» SUPPLIED INFORMATION:

· · · · · · ·

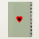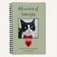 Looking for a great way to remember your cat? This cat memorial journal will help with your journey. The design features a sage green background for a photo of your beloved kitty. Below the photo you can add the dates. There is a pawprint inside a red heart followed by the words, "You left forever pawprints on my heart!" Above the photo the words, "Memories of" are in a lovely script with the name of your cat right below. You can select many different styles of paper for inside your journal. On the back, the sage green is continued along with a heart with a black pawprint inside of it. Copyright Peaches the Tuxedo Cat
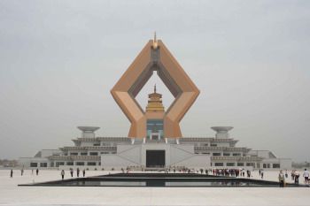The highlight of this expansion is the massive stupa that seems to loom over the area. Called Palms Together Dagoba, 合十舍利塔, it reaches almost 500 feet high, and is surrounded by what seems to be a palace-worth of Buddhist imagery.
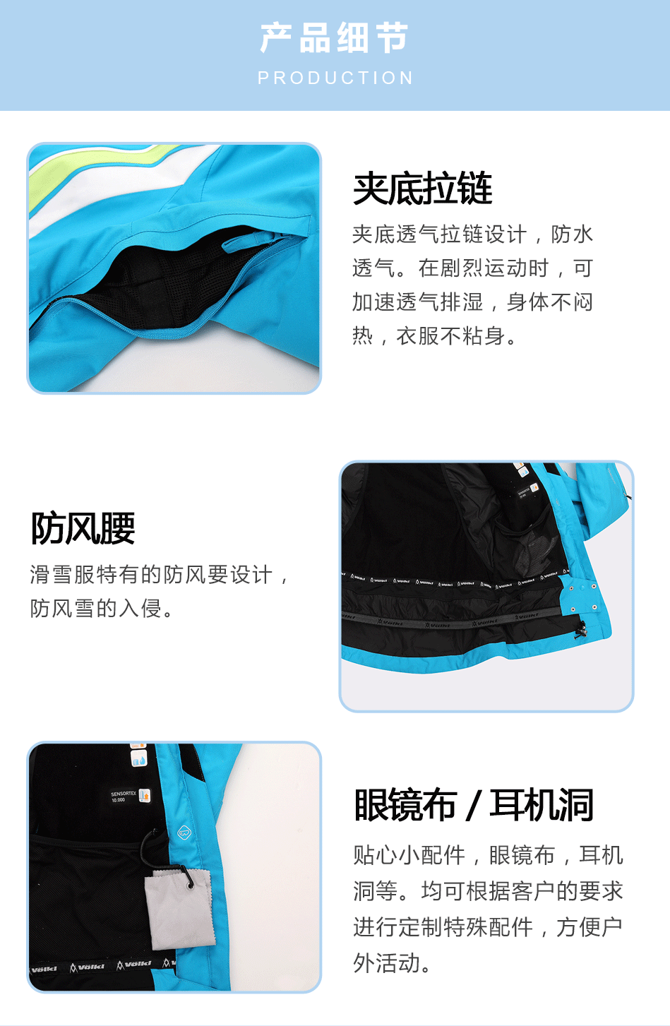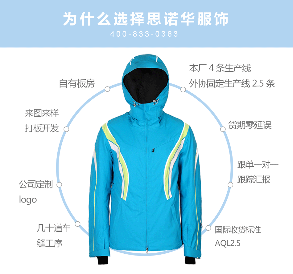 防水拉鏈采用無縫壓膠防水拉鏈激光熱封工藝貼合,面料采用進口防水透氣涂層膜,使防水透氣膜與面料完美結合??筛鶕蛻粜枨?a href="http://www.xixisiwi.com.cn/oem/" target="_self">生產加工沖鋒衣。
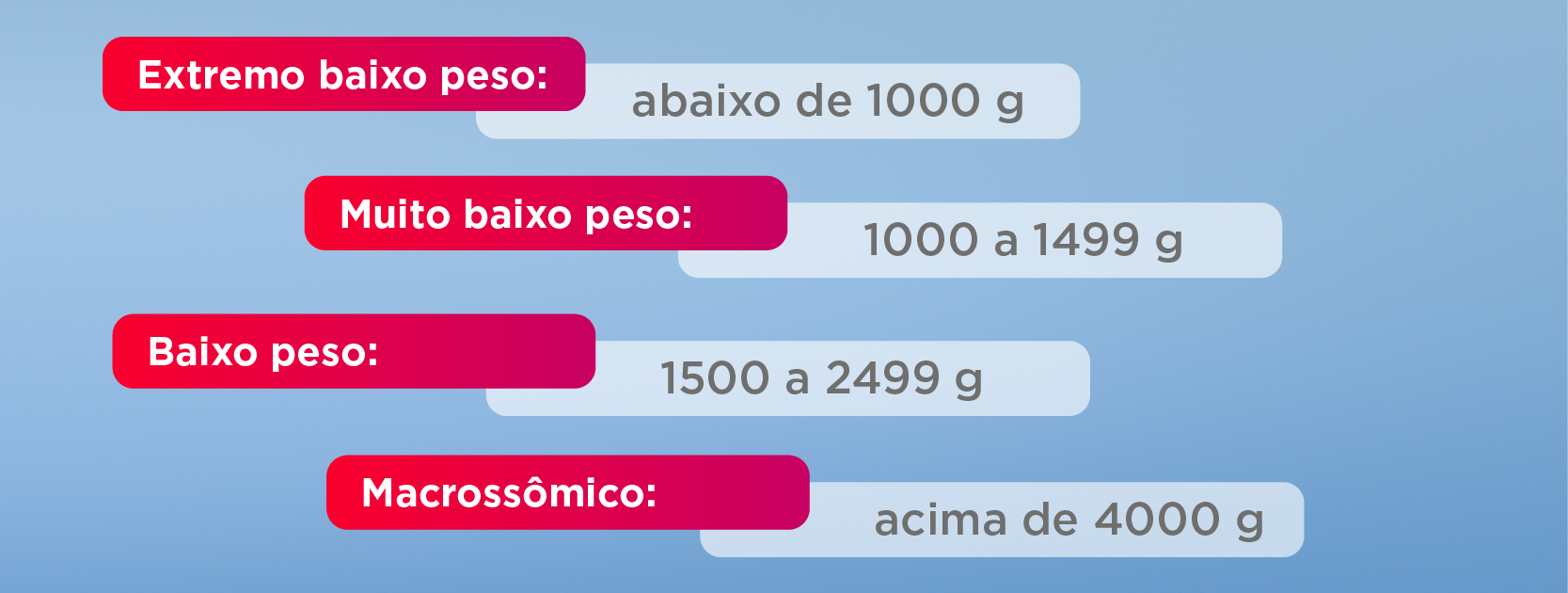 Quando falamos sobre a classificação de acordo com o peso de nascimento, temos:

· · · · · · ·

» WORK ORDER: The task calls for repeating each line above exactly while excluding the pictures.

» EXERCISE OUTPUT:
 Looking for a great way to remember your cat? This cat memorial journal will help with your journey. The design features a sage green background for a photo of your beloved kitty. Below the photo you can add the dates. There is a pawprint inside a red heart followed by the words, "You left forever pawprints on my heart!" Above the photo the words, "Memories of" are in a lovely script with the name of your cat right below. You can select many different styles of paper for inside your journal. On the back, the sage green is continued along with a heart with a black pawprint inside of it. Copyright Peaches the Tuxedo Cat
The highlight of this expansion is the massive stupa that seems to loom over the area. Called Palms Together Dagoba, 合十舍利塔, it reaches almost 500 feet high, and is surrounded by what seems to be a palace-worth of Buddhist imagery.
 防水拉鏈采用無縫壓膠防水拉鏈激光熱封工藝貼合,面料采用進口防水透氣涂層膜,使防水透氣膜與面料完美結合??筛鶕蛻粜枨?a href="http://www.xixisiwi.com.cn/oem/" target="_self">生產加工沖鋒衣。
 Quando falamos sobre a classificação de acordo com o peso de nascimento, temos:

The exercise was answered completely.